Não vamos tratar aqui de Alquimia, portuguesa ou estrangeira. O caso do Dr. Anselmo Caetano Castelo Branco é mencionado por ser um daqueles estudiosos portugueses que ousaram debruçar-se sobre matérias heterodoxas. E digo «ousaram» porque, regra geral, não era seguro fazê-lo. Veja-se outro exemplo: Frei Vicente Nogueira (1586 – 1654), fidalgo, escritor, cónego da Sé de Lisboa, coleccionador de livros; sabia grego, latim, caldaico, siríaco, árabe, italiano, francês e castelhano. A Inquisição apreendeu-lhe a biblioteca, muito rica em obras herméticas. Em 1631, partiu para Roma, possivelmente para evitar outros inconvenientes maiores. É verdade que a Restauração de 1640 lhe reconheceu os méritos, pois Vicente Nogueira exerceu o cargo de encarregado de negócios de Portugal junto da Santa Sé entre 1643 e 1654; considerando estas datas, vemos que não regressou ao seu país.

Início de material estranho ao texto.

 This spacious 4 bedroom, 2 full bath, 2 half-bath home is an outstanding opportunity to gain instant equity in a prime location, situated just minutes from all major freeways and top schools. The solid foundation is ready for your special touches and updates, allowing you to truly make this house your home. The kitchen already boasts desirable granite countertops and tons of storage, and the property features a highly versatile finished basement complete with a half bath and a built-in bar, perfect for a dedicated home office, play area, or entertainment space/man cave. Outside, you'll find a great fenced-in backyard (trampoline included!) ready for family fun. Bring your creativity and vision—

Poderia, se tal tivesse interesse, publicar aqui uma lista bem longa de nomes que, de uma forma ou de outra, sofreram, ao longo da História, as amarguras das limitações impostas à pesquisa, ao estudo e à especulação, seja no campo religioso, seja no campo filosófico ou na pesquisa científica. E note-se que, nesta matéria,  estou muito longe de ser fundamentalista: reconheço (nem todos o fazem) grandes méritos a D. João V, em cujo reinado se assinalam importantes iniciativas culturais; e nem sequer mando para o inferno D. João III, uma figura histórica demasiado complexa para ser atabalhoadamente despachada para o rol dos beatos tapados e maléficos — ao contrário do que pensa e escreve muita gente bem pensante.
Estou, assim, muito à vontade para dizer o que penso; e penso que ainda hoje (sim; ainda hoje) sofremos, não raro, da estreiteza que nos foi imposta por alguns séculos de Inquisição. Note-se que esta, sob as suas muitas formas (e, atenção, não somente a católica romana), foi um fenómeno geral e não peninsular. Digamos, porém, que por cá durou mais tempo, ou/e foi mais abrangente, e isto por motivos vários.

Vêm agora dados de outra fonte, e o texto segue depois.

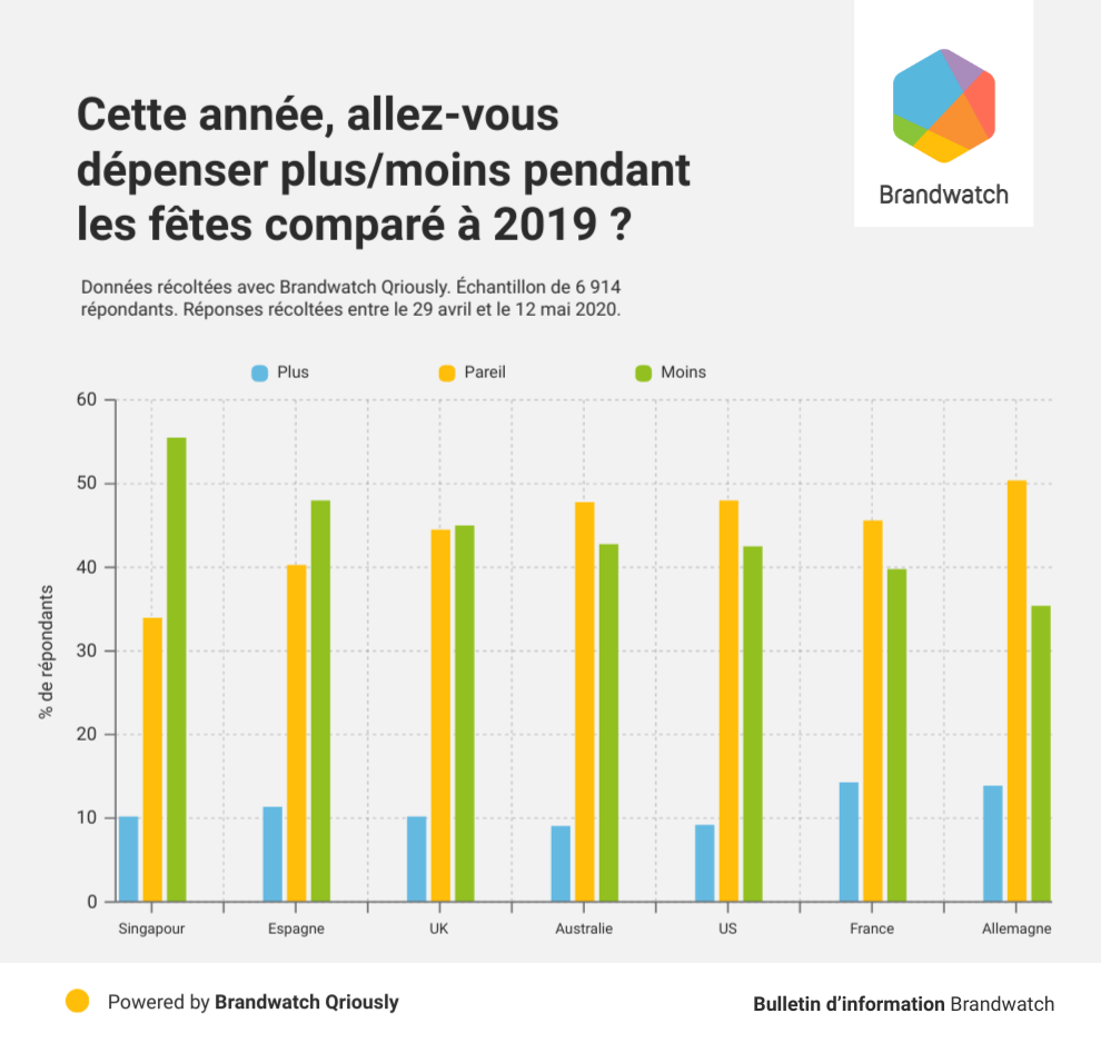 Bonne nouvelle, la France (14.4 %) et l’Allemagne (14 %) ont a les consommateurs les plus optimistes de tous les pays étudiés puisqu’ils sont les plus susceptibles de dépenser plus pendant les fêtes. Avec un bémol tout de même puisque l’option reste très minoritaire. Dans la même enquête, nous avons également demandé aux répondants s’ils avaient économisé plus que d’habitude depuis le début de la pandémie. Curieusement, les répondants français et allemands étaient les moins nombreux à avoir répondu oui.

Não posso, agora, enumerar nem analisar esses motivos. Posso apenas observar que a Inquisição nos deixou uma larga ferida que ainda não sarou por completo. É claro que hoje se disfarça essa influência inconfessável e que, de resto, tem muito, tem quase tudo de inconsciente. Mas não será por acaso que o nosso solo não parece ser muito apropriado para a cultura da inovação. Os inventores portugueses ganham medalhas de ouro — mas as suas invenções, essas, nunca as vemos. E os homens que no passado abriram a janela do pensamento estão hoje esquecidos, quase todos.
Por isso aqui lhes presto homenagem.